The units will be offered to Stria shareholders (the "Eligible Stria Shareholders") of record as of the close of business on July 6, 2017 (the "Record Date") pursuant to the "Existing Security Holders" exemption of OSC Rule 45-501 - Ontario Prospectus and Registration Exemptions, and similar prospectus exemptions in other provinces of Canada (the "Existing Shareholder Exemption"), as well as to "accredited investors" in some or all of the provinces of Canada and in other jurisdictions, if any, determined by Stria. Subscriptions by shareholders are subject to a number of conditions, including a limit of $15,000 unless the shareholder has received advice regarding the suitability of an investment in the units from a registered investment dealer. The Company expects to close on at least the minimum Offering on or before July 19, 2017, which remains subject to regulatory approval. Any Eligible Stria Shareholder who wishes to participate in the Offering is asked to please contact Judith Mazvihwa-MacLean, CFO of the Company, at (613) 702-0789 or by email to: judith@striacapital.com in order to receive subscription documentation and instructions. The Offering will remain open to existing shareholders until July 14, 2017. Orders will be processed by the Company on a first come, first served basis such that it is possible that a subscription received from a shareholder may not be accepted by the Company if the Offering is over subscribed. Any person who becomes a shareholder of Stria after the Record Date shall not be entitled to participate in the Offering under the Existing Shareholder Exemption.

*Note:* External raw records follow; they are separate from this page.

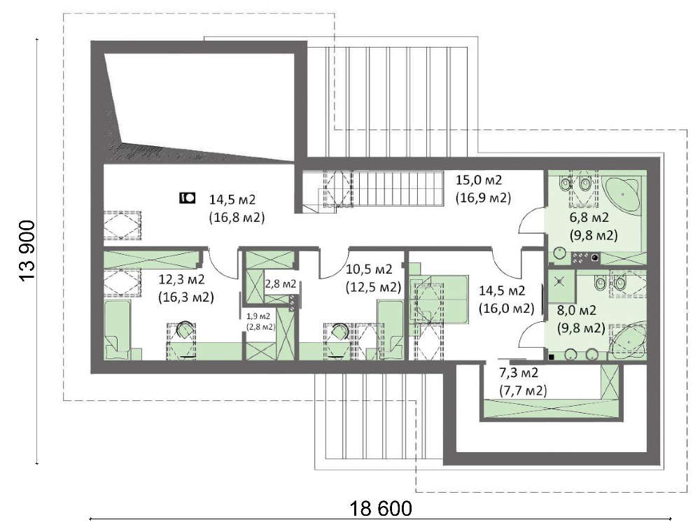 Другий поверх включає три спальні. Завдяки незвичайному плануванню, особисті кімнати включають великі гардеробні приміщення. Хазяйські апартаменти найбільш впорядковані. В їх площу включені власний санвузол, гардероб і напівзакрите простір балкона.
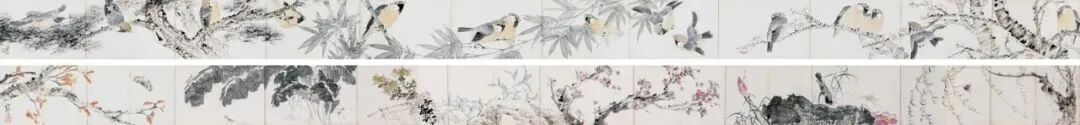 江寒汀 翎毛草虫双面册 纵11厘米 横192厘米 纸本设色
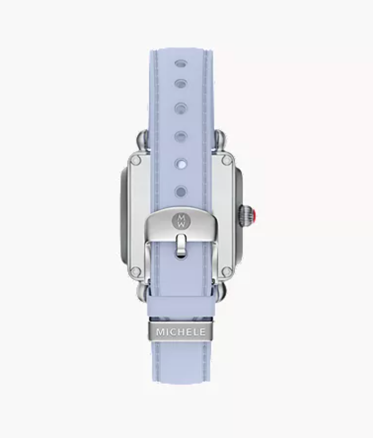 The Deco Sport Mid combines a vibrant pastel blue color with refined design. Its 31mm rectangular stainless steel case frames a white sunray dial, accented with polished roman numeral indexes and a sub-second movement. The pastel blue silicone strap, is interchangeable with any 16mm strap from MICHELE's collection, adding versatility to the design.
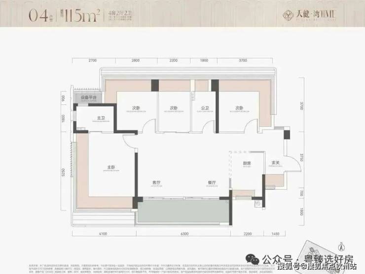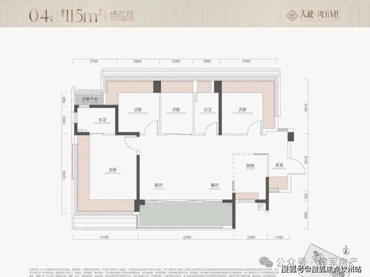 115㎡4房2卫,横厅户型,朝南看海,入户独立玄关,但三个次卧朝北;
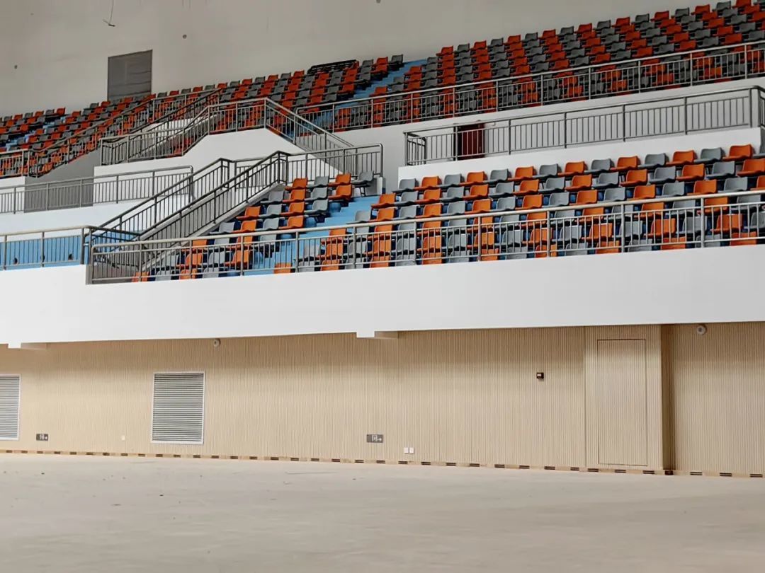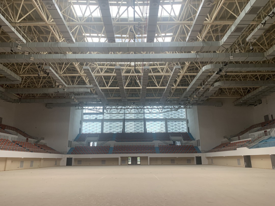 体育馆、游泳馆分别位于1号楼东西两侧。其中,体育馆对标大型体育赛事要求建设,在一层设有约2800平方米的比赛场地以及相关训练场地、运动员用房、新闻工作用房、计时计分用房等,在二、三层设有观众席座位5980个。
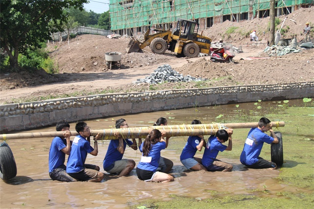 在活动中,最值得的一提的就是我们同学们的分工与合作和团结能力。在魔鬼椽这项项目中,八位挑战者一起进入泥水坑,扛柱子一起深蹲二十个,过程中不仅需要动作一致,还要异口同声的依次报数。这不但锻炼了大家的身体素质还提高了大家的团队合作意识。众人拾柴火焰高,只有在团队的通力合作下,我们才能提高效率与水平。此外在魔鬼掷弹手项目中,我们团队因为分工明确,取长补短,在最短的时间内通过关卡,取得了胜利。
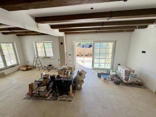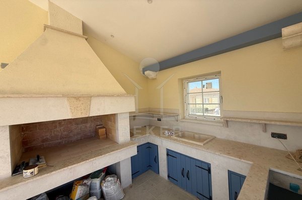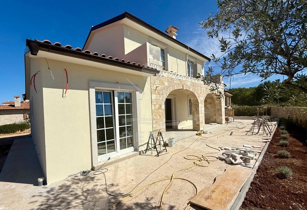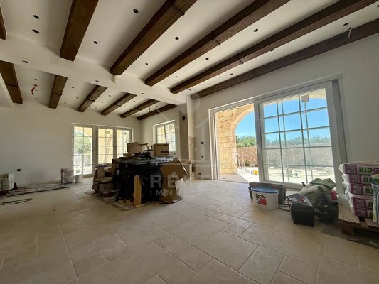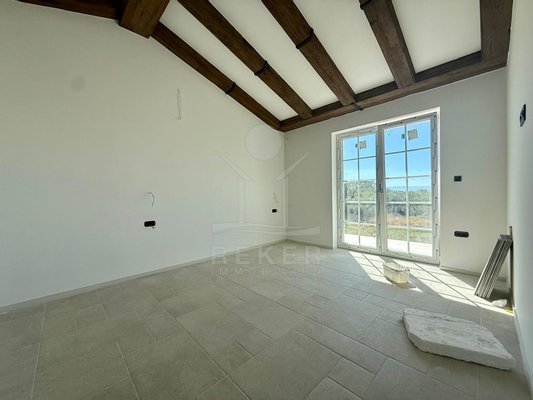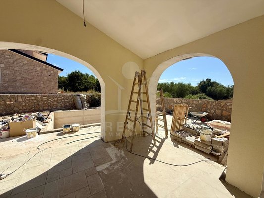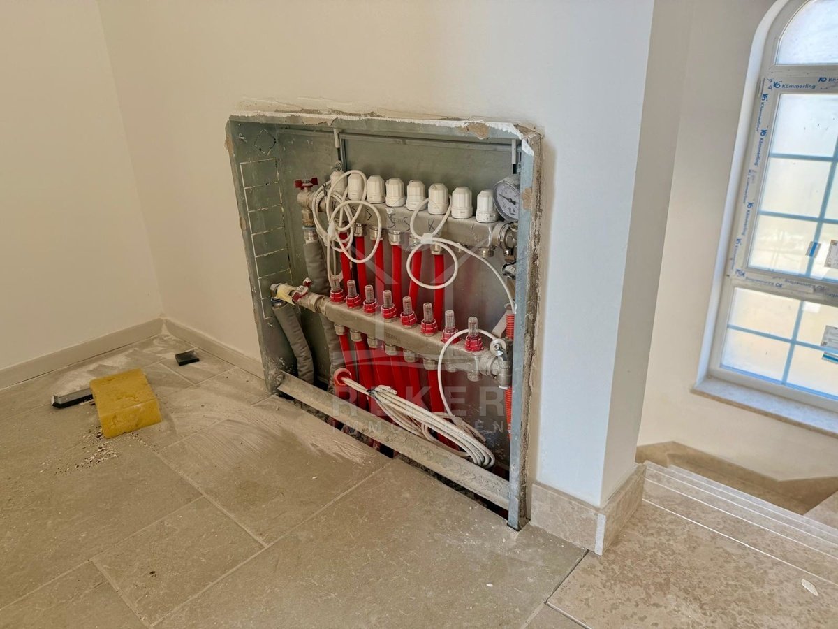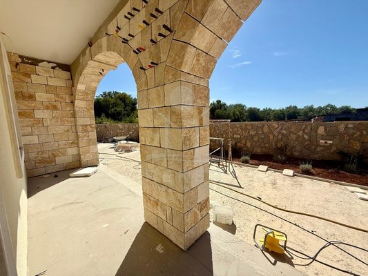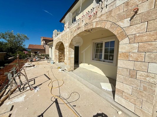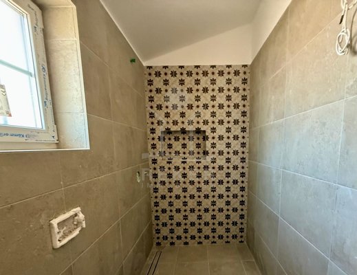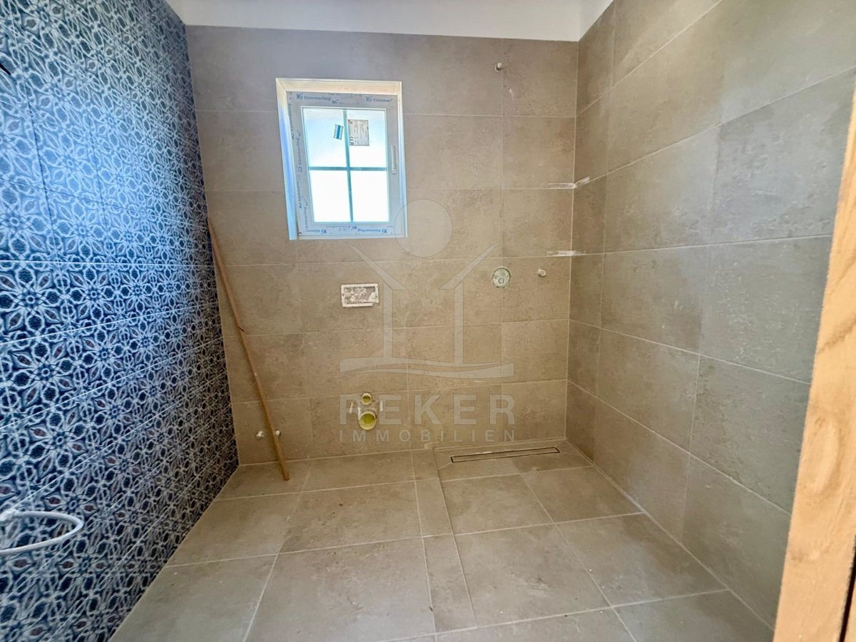 Der Außenbereich spricht für sich: breiter Terrassenbereich entlang der gesamten Hausfront, überdachter Essplatz mit gemauerter Sommerküche. Alles ausgerichtet nach Südost – also morgens Sonne, nachmittags Schatten. Daneben der Pool, eingefasst in Natursteinplatten. Der Garten ist bereits angelegt. Die Bauqualität? Hoch. Modernes Mauerwerk, klassische mediterrane Linien, massive Fensterläden. Alles neu, Baujahr 2025.
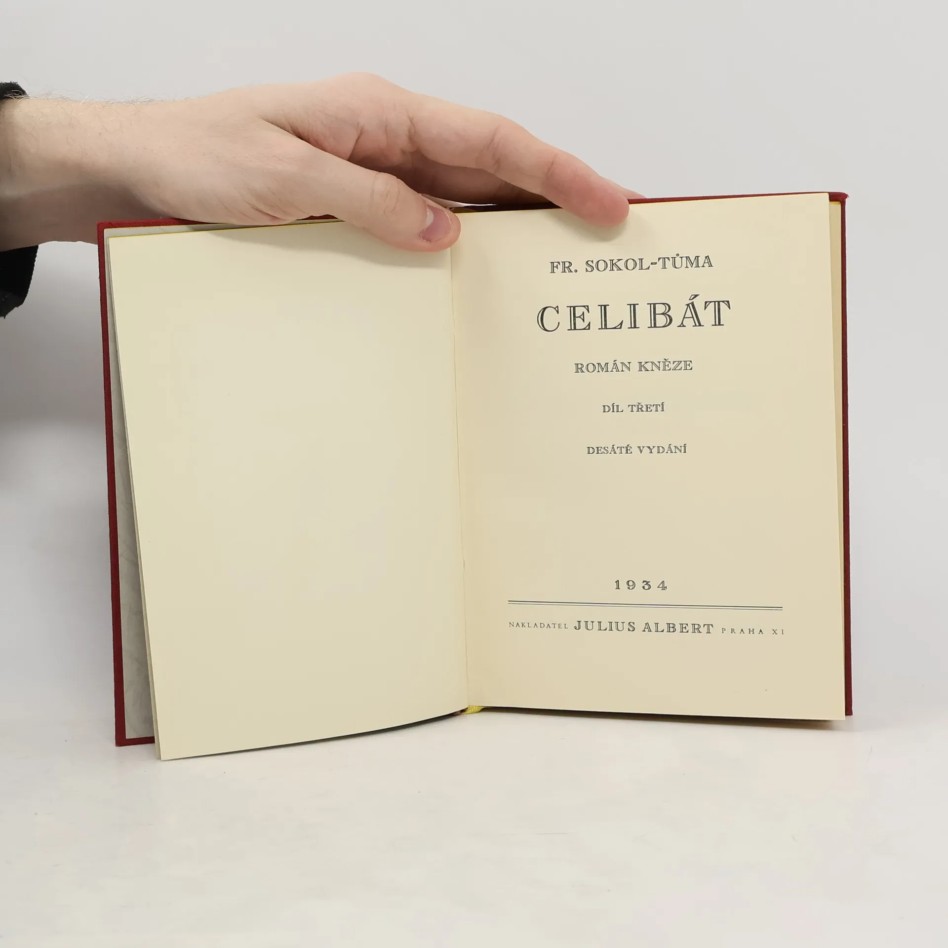 Román kněze o třech dílech. Trojdílný ,,Celibát" je skvostnou knihou konfliktu nadřízené moci duchovní a světské se služebníkem božím, který přes své poslání dovedl si uchovati vrozený pud po pokroku. Jako takový nemůže bez diskuse nechati otázku nuceného celibátu. Hnusí se mu lež apřetvářka a povýšení na svůj pidestál lásku a pravdu je štván od těch kdož si hoví raději v přítmí pohodlných služeb církve a brodí se kalem pokrytectví a pomluv. Kněz Sokola- Tůmy je příliš čistý pro církev, jež ráda na svých farách připouští nelegitimní svazky duší, než dovolenou pravdu před světem. Všichni ti, kteří znají případy jež jsou obdobou tohoto Celibátu, budou uchváceny křišťálovými charaktery: Tohoto osvíceného kněze a ženy, jež se před světem vyznala z této dojemné lásky.
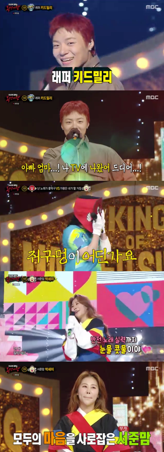 첫 무대를 꾸민 '주차장'과 '세차장'은 남다른 음색으로 탄성을 자아냈다. 결과는 61 대 38로 주차장의 승리였다. '세차장'의 정체는 바로 래퍼 키드밀리였다. 키드밀리는 부모님께서 '복면가왕' 출연을 원하셔서 도전하게 됐다며 "아빠 엄마. 나 TV 나왔다. 낳아주셔서 감사하다"고 인사해 웃음을 자아냈다. 뮤지컬배우 정영주는 "앞으로는 앨범 낼 때 노래도 해 달라. 너무 아깝다"고 극찬을 전했다.
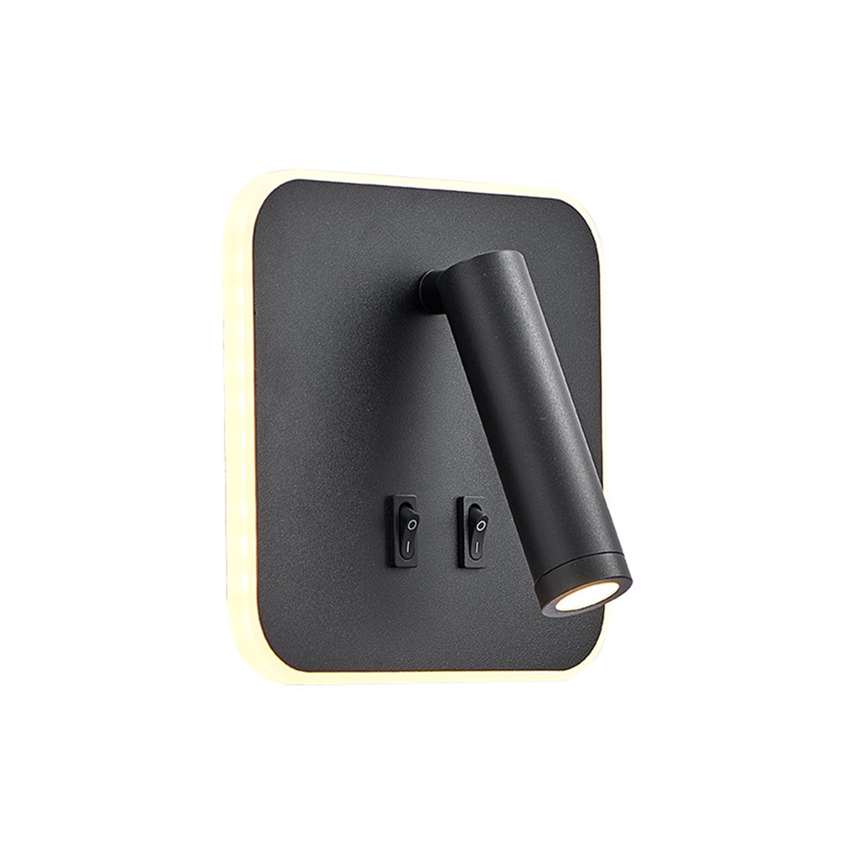 Απλίκα τοίχου – Σποτ LED 8W 14,5Χ8,5Χ14,5 εκ. Μαύρο με διπλό διακόπτη
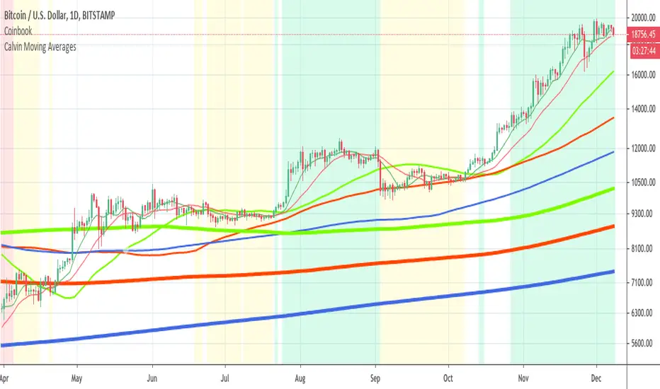 This is Coinbook's major indicator complete with red, yellow, and green zones. The major moving averages are also displayed.
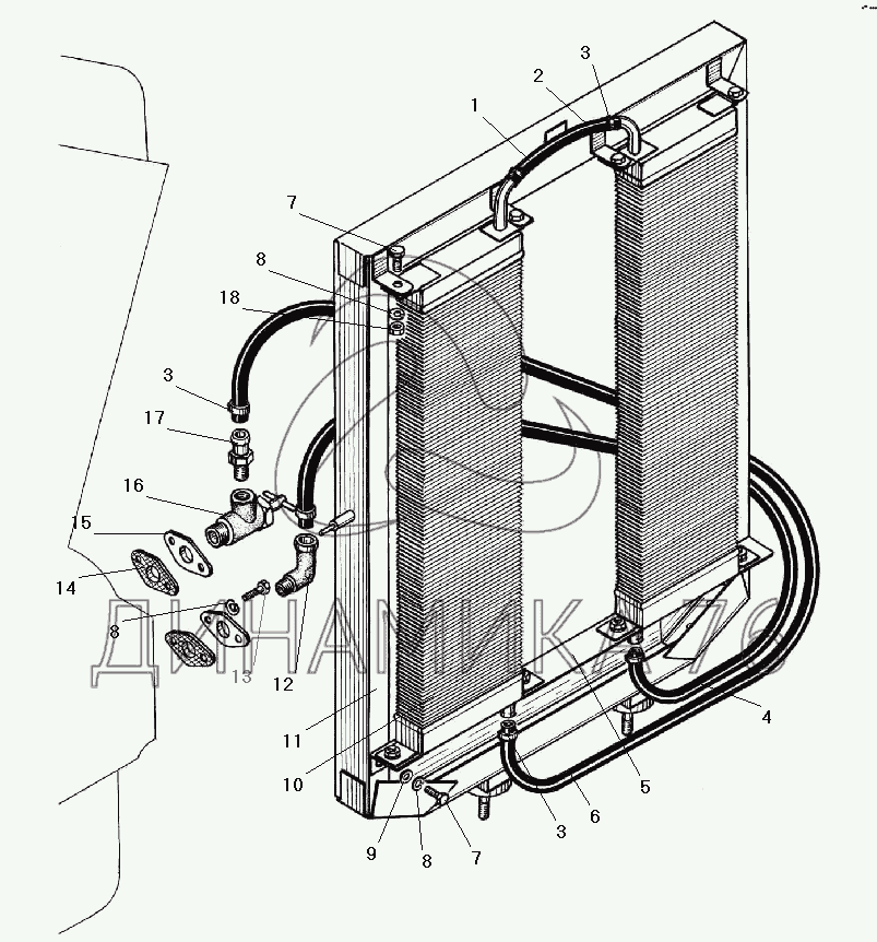 Перечень комплектующих от Масляный радиатор на УРАЛ-532301

In connection with the private placement, Stria may pay a cash commission to various securities dealers in an amount equal to 7% of the proceeds from the sale of units through such dealers. Stria may also issue non-transferable warrants to such dealers in an amount equal to 7% of the number of units sold through them. Such warrants will entitle the holder to purchase one common share of the Company at a price of $0.05 for a period of 36 months.
Over the next six month period, the Company shall use the gross proceeds of the Offering as follows: (i) in the event of the minimum Offering, the Company will use the proceeds for general corporate purposes ($66,000), which includes the further development of its lithium extraction process, to pay the finder's fee under the Offering (up to $14,000) and to reduce it current liabilities ($120,000); (ii) in the event of the maximum Offering, the Company will use the proceeds for general corporate purposes ($120,000), which includes the further development of its lithium extraction process, to conduct an exploration program on its Pontax spodumene lithium property ($225,000), to pay the finder's fee under the Offering (up to $35,000) and to reduce it current liabilities ($120,000). Stria is not aware of any "material fact" or "material change", as such terms are defined under applicable securities legislation, related to the Company or its activities that has not been generally disclosed.
Finally, the Company announces that Dr. Iain Todd has resigned as President and Chief Operating Officer, to pursue another career opportunity. Stria wishes to thank Dr. Todd for his services and wishes him the best of luck in his future endeavors.